■ About this task:
Type out the listing below exactly. Pictures stay out of it.

++++++

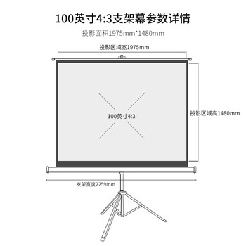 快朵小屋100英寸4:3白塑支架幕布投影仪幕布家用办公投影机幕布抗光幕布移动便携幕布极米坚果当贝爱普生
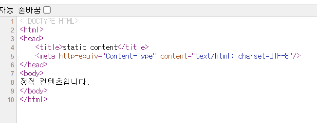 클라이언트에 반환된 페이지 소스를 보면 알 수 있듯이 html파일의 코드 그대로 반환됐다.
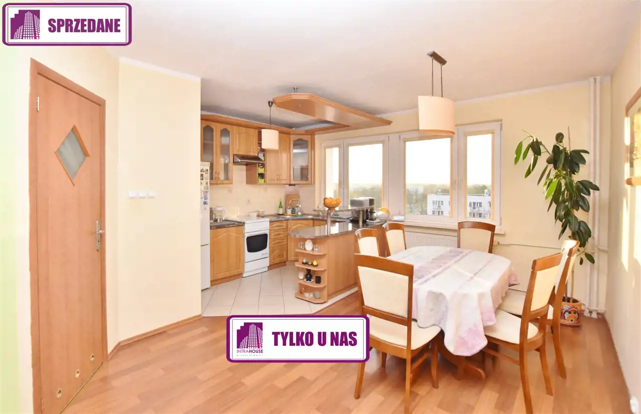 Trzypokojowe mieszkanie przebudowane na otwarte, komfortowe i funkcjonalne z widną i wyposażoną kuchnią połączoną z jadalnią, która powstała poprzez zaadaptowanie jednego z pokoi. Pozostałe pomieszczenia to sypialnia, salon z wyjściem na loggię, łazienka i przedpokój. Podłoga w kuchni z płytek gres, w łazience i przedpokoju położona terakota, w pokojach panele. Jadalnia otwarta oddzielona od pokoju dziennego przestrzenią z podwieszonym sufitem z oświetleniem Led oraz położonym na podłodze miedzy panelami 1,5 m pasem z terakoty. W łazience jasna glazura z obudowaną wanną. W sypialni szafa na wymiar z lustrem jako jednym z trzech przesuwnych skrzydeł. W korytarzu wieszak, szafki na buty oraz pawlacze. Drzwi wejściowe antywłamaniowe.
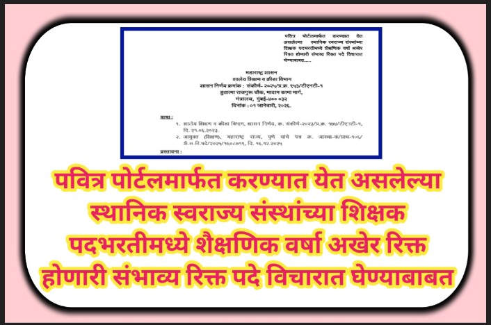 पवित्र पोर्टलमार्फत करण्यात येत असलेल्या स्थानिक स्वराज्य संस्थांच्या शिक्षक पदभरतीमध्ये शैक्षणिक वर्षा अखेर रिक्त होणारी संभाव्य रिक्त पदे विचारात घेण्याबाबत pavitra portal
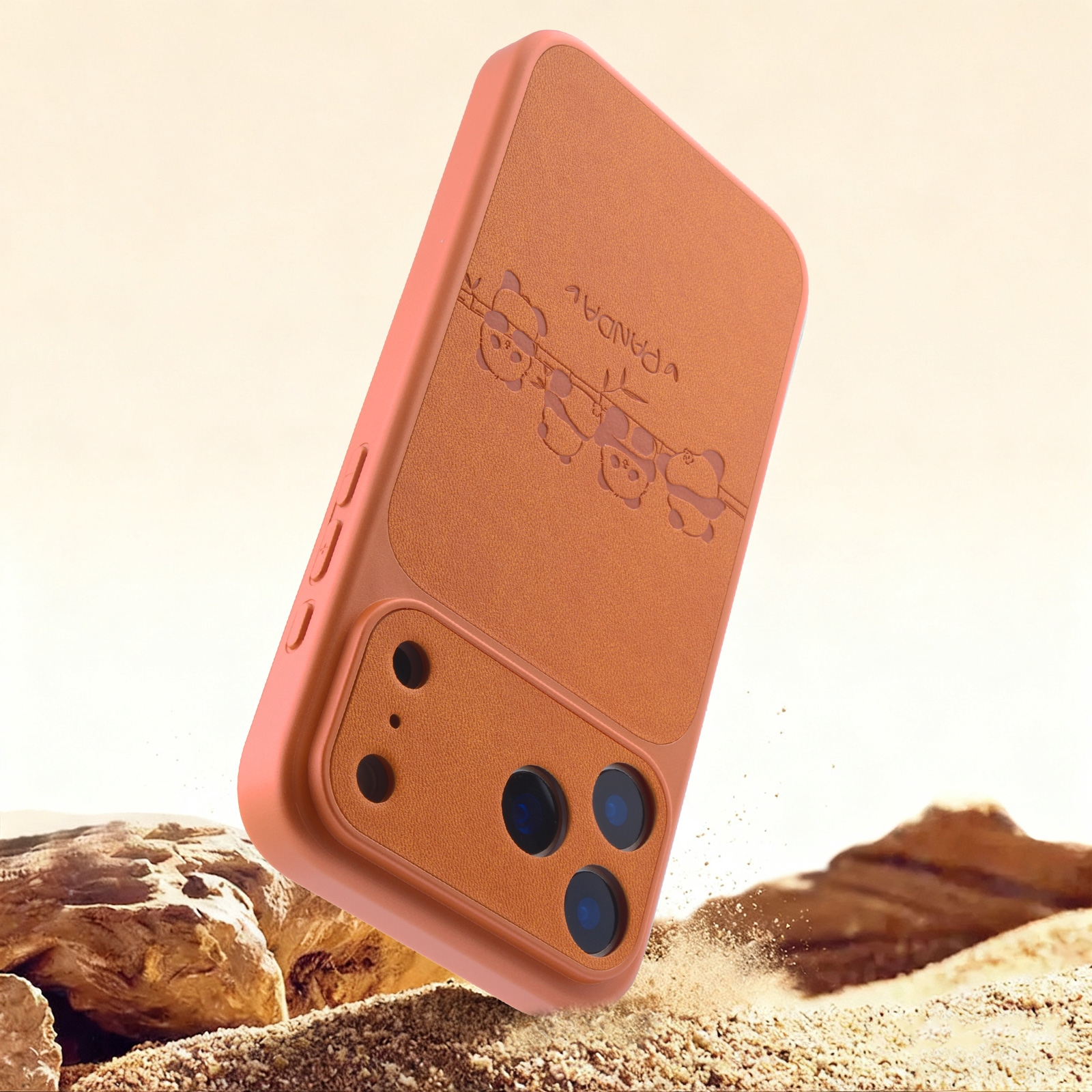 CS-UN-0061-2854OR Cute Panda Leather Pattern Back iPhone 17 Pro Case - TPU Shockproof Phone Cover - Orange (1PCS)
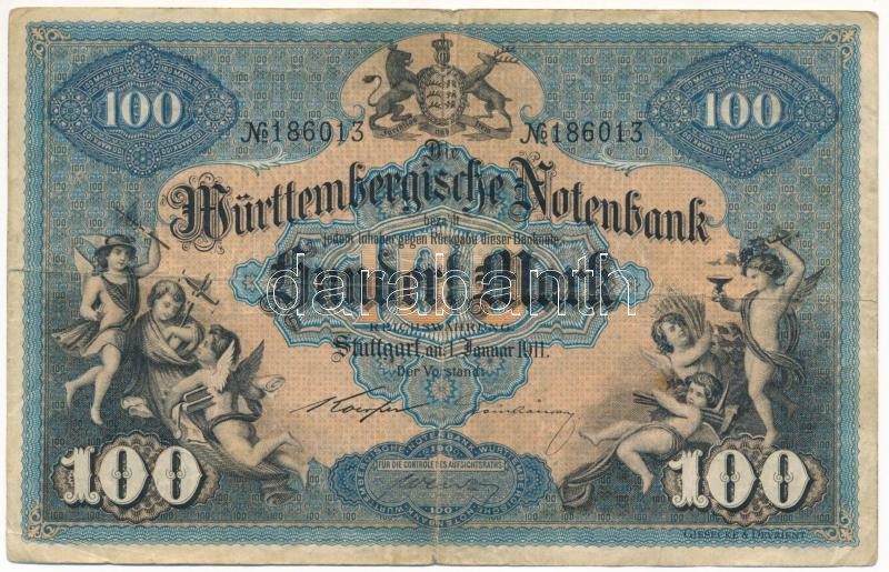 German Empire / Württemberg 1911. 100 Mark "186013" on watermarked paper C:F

++++++

■ Response area:
 快朵小屋100英寸4:3白塑支架幕布投影仪幕布家用办公投影机幕布抗光幕布移动便携幕布极米坚果当贝爱普生
 클라이언트에 반환된 페이지 소스를 보면 알 수 있듯이 html파일의 코드 그대로 반환됐다.
 Trzypokojowe mieszkanie przebudowane na otwarte, komfortowe i funkcjonalne z widną i wyposażoną kuchnią połączoną z jadalnią, która powstała poprzez zaadaptowanie jednego z pokoi. Pozostałe pomieszczenia to sypialnia, salon z wyjściem na loggię, łazienka i przedpokój. Podłoga w kuchni z płytek gres, w łazience i przedpokoju położona terakota, w pokojach panele. Jadalnia otwarta oddzielona od pokoju dziennego przestrzenią z podwieszonym sufitem z oświetleniem Led oraz położonym na podłodze miedzy panelami 1,5 m pasem z terakoty. W łazience jasna glazura z obudowaną wanną. W sypialni szafa na wymiar z lustrem jako jednym z trzech przesuwnych skrzydeł. W korytarzu wieszak, szafki na buty oraz pawlacze. Drzwi wejściowe antywłamaniowe.
 पवित्र पोर्टलमार्फत करण्यात येत असलेल्या स्थानिक स्वराज्य संस्थांच्या शिक्षक पदभरतीमध्ये शैक्षणिक वर्षा अखेर रिक्त होणारी संभाव्य रिक्त पदे विचारात घेण्याबाबत pavitra portal
 CS-UN-0061-2854OR Cute Panda Leather Pattern Back iPhone 17 Pro Case - TPU Shockproof Phone Cover - Orange (1PCS)
 German Empire / Württemberg 1911. 100 Mark "186013" on watermarked paper C:F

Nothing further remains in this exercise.